The answer must consist solely of the lines below starting at the one containing "NIGO Louis Vuitton" and ending at the one containing "Бусина Дзи 2-й", repeated exactly, with both ends included and all pictures omitted.

(Collected data entries)
== Segment start ==
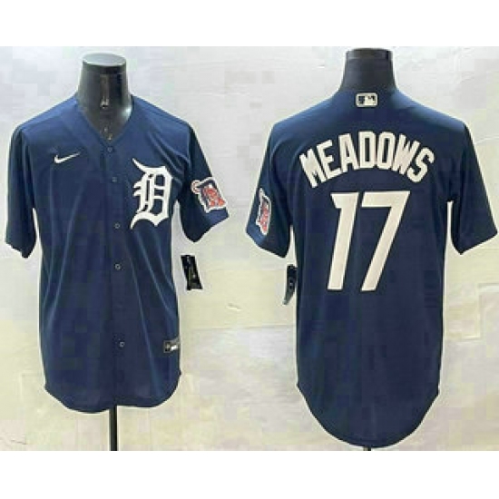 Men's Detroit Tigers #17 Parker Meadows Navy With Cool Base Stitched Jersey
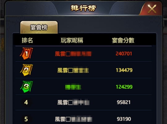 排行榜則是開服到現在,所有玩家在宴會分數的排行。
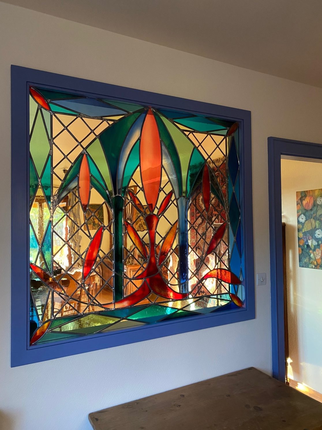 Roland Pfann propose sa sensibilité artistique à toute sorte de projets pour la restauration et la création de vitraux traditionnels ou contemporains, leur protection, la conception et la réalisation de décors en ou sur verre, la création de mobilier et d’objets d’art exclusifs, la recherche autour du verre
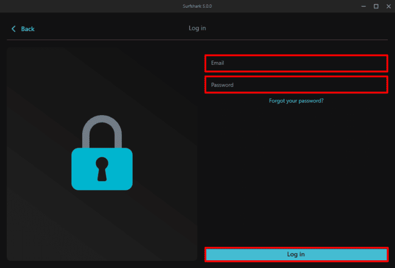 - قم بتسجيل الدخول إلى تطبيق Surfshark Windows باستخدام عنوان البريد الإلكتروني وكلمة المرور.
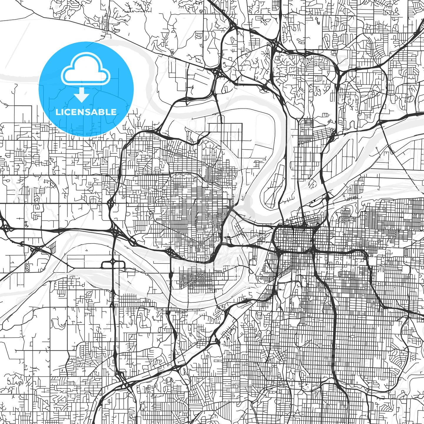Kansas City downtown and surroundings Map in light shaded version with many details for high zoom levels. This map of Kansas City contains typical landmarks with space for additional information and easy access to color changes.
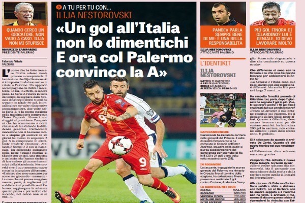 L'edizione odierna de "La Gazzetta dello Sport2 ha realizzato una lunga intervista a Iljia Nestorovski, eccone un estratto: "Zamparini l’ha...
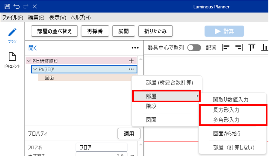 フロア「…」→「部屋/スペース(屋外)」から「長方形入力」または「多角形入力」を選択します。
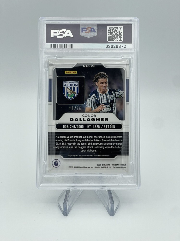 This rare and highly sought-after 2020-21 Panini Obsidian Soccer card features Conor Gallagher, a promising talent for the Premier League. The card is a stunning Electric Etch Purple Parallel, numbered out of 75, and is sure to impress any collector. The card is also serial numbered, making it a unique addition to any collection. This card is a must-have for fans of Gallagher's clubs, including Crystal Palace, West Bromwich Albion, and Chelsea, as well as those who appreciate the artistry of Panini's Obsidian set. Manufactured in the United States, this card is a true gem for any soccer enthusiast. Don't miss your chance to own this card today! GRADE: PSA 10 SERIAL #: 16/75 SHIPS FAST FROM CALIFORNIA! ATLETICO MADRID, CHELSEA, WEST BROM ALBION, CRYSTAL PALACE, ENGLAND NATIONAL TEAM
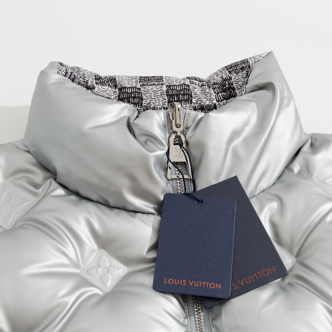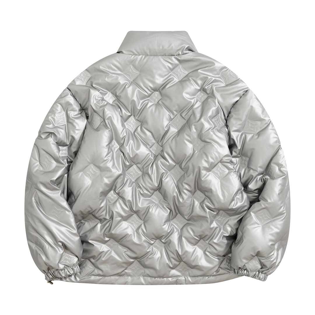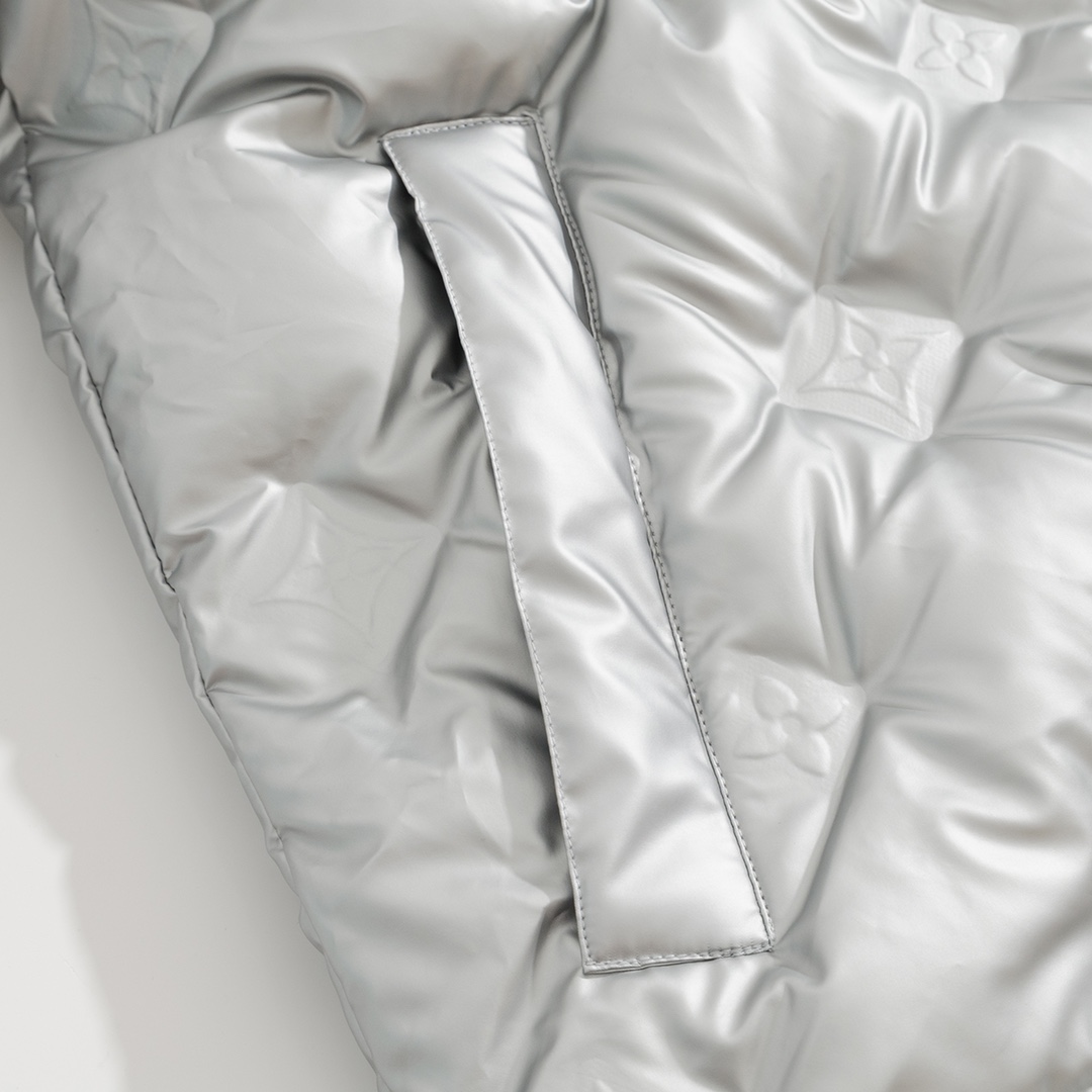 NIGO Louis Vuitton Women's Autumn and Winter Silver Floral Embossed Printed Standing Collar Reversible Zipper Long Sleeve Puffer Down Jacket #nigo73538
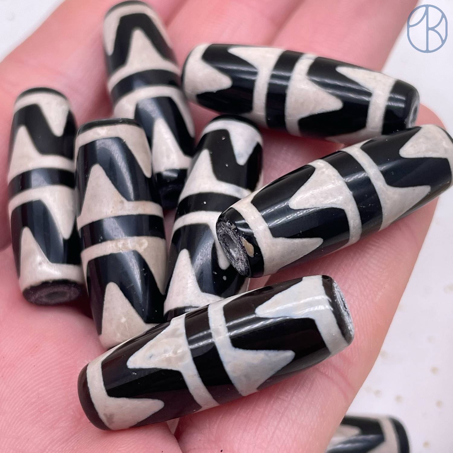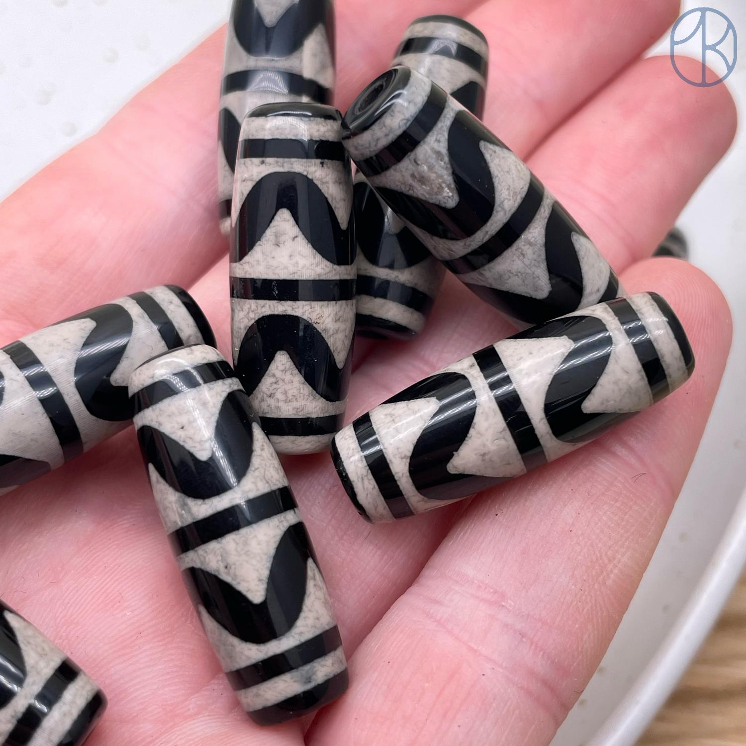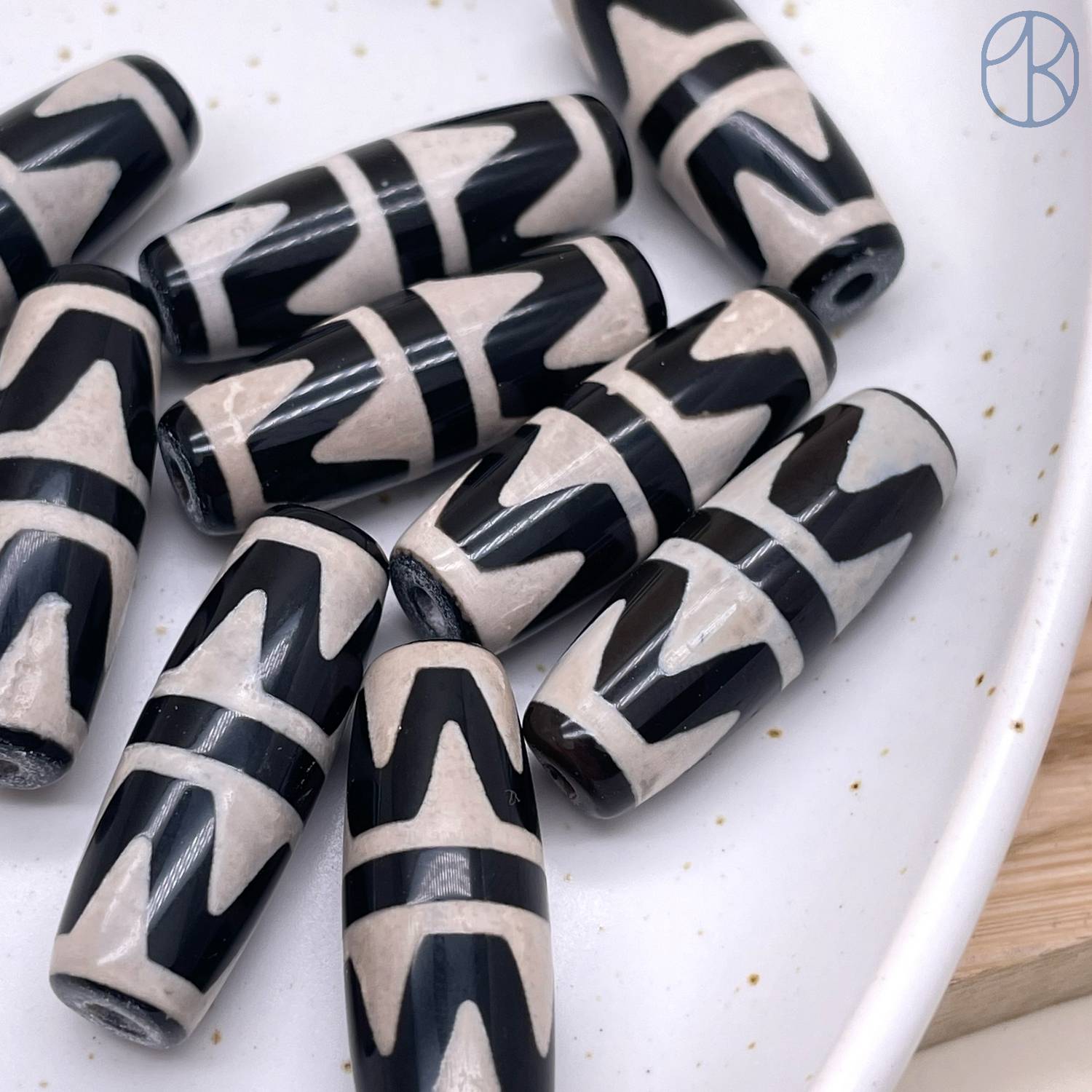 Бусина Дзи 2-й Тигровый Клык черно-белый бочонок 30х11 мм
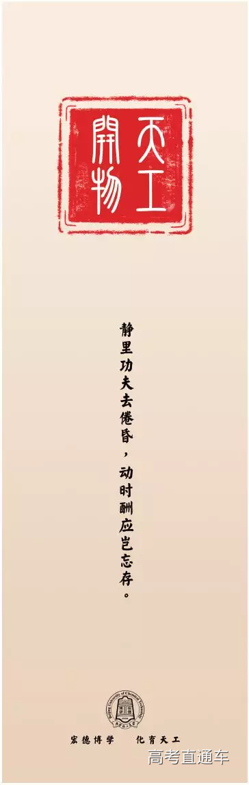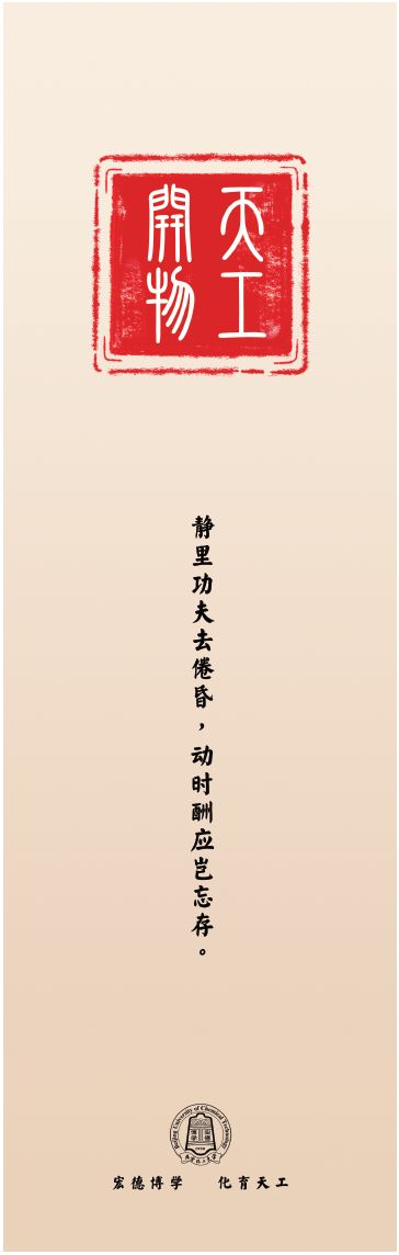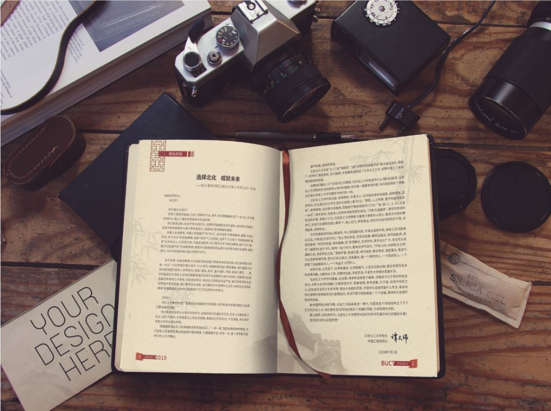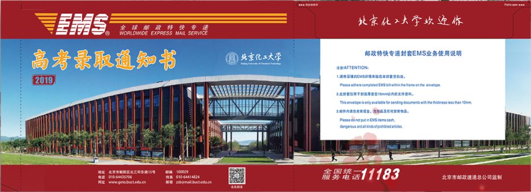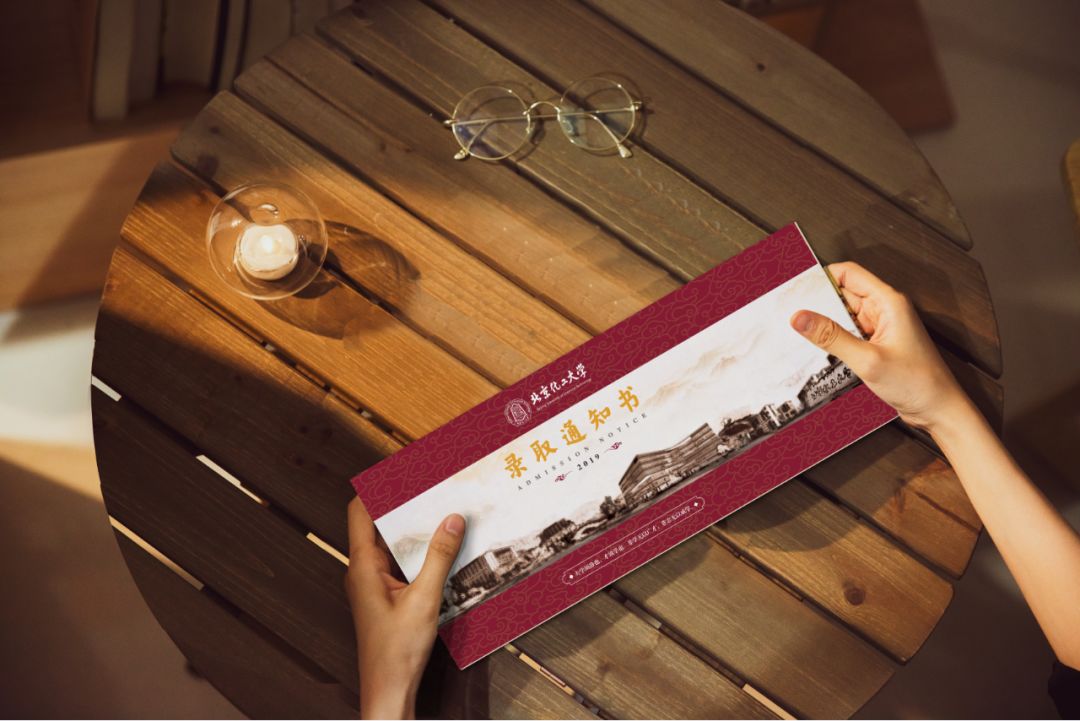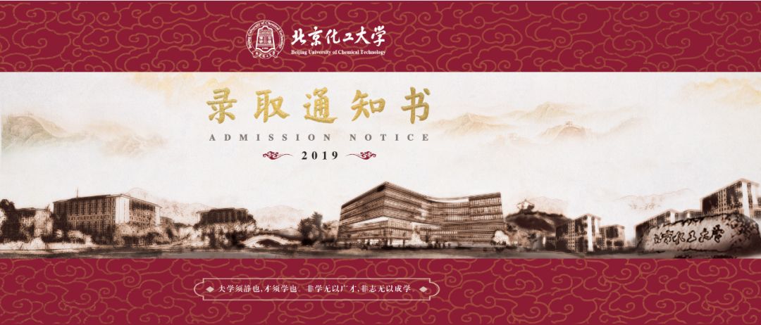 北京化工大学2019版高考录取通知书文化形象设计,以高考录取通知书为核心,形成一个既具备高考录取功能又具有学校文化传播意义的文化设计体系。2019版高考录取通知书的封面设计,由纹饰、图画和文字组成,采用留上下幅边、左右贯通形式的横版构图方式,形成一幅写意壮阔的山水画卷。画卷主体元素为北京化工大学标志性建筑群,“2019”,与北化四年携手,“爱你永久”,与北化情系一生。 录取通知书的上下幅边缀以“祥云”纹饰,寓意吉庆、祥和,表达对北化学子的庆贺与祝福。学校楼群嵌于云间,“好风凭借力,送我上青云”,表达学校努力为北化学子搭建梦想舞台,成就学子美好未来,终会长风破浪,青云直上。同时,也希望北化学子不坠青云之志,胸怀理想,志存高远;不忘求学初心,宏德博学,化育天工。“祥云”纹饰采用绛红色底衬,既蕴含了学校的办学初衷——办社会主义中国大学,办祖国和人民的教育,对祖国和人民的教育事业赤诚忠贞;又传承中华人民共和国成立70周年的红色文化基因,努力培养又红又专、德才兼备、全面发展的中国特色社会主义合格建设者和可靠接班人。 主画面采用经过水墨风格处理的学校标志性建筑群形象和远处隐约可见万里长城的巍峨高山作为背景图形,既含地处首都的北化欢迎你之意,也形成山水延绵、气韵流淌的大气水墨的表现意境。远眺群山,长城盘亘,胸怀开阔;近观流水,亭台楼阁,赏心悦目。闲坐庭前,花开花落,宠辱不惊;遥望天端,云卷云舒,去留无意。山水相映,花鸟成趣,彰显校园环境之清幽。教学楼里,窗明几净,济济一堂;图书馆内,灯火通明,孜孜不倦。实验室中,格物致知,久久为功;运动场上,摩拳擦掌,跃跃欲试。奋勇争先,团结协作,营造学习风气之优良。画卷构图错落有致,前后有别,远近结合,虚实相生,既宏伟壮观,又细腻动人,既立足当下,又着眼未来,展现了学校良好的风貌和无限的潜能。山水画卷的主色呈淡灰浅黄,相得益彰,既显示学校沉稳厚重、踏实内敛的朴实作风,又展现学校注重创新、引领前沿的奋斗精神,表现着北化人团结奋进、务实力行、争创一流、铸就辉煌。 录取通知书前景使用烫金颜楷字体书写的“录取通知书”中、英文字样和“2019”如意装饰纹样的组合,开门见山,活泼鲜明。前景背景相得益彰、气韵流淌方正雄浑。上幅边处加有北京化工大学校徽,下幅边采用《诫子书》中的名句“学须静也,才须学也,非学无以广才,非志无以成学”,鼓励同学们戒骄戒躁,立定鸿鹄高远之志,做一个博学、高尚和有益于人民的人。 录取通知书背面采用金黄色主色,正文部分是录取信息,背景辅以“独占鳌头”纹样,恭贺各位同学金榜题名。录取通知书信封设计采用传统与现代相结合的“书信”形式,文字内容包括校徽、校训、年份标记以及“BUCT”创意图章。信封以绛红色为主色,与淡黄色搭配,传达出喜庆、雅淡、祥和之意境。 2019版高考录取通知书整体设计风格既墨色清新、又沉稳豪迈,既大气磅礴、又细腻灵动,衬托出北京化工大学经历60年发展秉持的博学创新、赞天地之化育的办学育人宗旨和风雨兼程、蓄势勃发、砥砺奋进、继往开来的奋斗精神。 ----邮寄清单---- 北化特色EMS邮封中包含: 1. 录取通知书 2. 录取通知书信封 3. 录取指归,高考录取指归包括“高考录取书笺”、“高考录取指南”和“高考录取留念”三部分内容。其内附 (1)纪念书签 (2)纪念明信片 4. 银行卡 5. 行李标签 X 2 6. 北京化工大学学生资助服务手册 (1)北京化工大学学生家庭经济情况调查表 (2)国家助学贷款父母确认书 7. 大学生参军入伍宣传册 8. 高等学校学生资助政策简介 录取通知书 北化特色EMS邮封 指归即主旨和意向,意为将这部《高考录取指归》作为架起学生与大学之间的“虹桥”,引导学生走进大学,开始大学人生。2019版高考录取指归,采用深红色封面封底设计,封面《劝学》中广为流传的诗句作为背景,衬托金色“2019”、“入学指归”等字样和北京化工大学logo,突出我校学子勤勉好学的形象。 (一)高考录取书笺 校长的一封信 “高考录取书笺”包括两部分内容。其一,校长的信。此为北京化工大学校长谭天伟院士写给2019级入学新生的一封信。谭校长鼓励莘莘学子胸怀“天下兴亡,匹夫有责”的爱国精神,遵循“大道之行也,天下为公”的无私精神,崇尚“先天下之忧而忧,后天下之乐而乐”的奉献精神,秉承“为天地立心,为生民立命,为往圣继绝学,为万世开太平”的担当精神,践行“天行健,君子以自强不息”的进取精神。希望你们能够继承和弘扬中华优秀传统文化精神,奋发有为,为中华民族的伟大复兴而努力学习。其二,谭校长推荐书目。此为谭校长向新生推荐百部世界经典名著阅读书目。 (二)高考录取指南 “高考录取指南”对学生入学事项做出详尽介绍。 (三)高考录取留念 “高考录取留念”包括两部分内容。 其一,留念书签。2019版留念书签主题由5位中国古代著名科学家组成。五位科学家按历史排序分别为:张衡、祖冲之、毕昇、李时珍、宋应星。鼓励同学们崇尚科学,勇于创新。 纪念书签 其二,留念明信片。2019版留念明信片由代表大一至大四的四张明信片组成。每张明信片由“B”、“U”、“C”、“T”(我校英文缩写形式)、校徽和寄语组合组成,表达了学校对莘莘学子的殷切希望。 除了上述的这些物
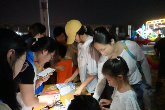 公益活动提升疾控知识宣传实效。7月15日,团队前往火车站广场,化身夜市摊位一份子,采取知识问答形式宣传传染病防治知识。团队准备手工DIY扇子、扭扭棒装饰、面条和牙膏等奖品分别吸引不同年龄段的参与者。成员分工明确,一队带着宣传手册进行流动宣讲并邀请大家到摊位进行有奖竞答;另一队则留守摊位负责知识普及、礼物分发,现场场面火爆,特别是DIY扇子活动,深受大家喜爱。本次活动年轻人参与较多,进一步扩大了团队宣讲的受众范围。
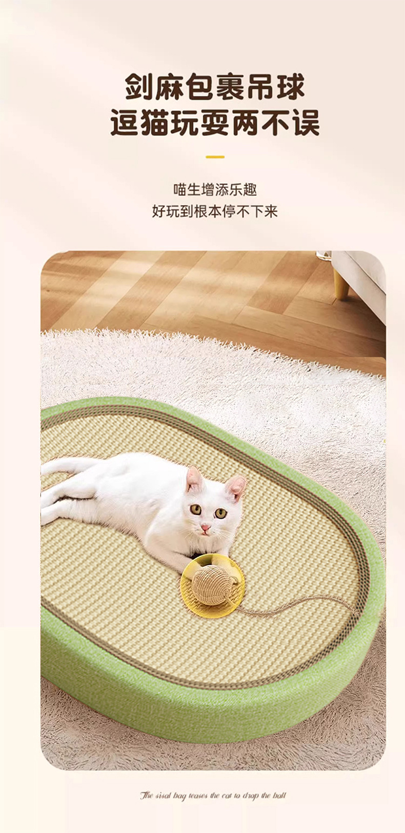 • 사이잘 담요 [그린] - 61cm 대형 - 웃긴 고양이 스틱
== Segment end ==
### Solution to the problem
 NIGO Louis Vuitton Women's Autumn and Winter Silver Floral Embossed Printed Standing Collar Reversible Zipper Long Sleeve Puffer Down Jacket #nigo73538
 Бусина Дзи 2-й Тигровый Клык черно-белый бочонок 30х11 мм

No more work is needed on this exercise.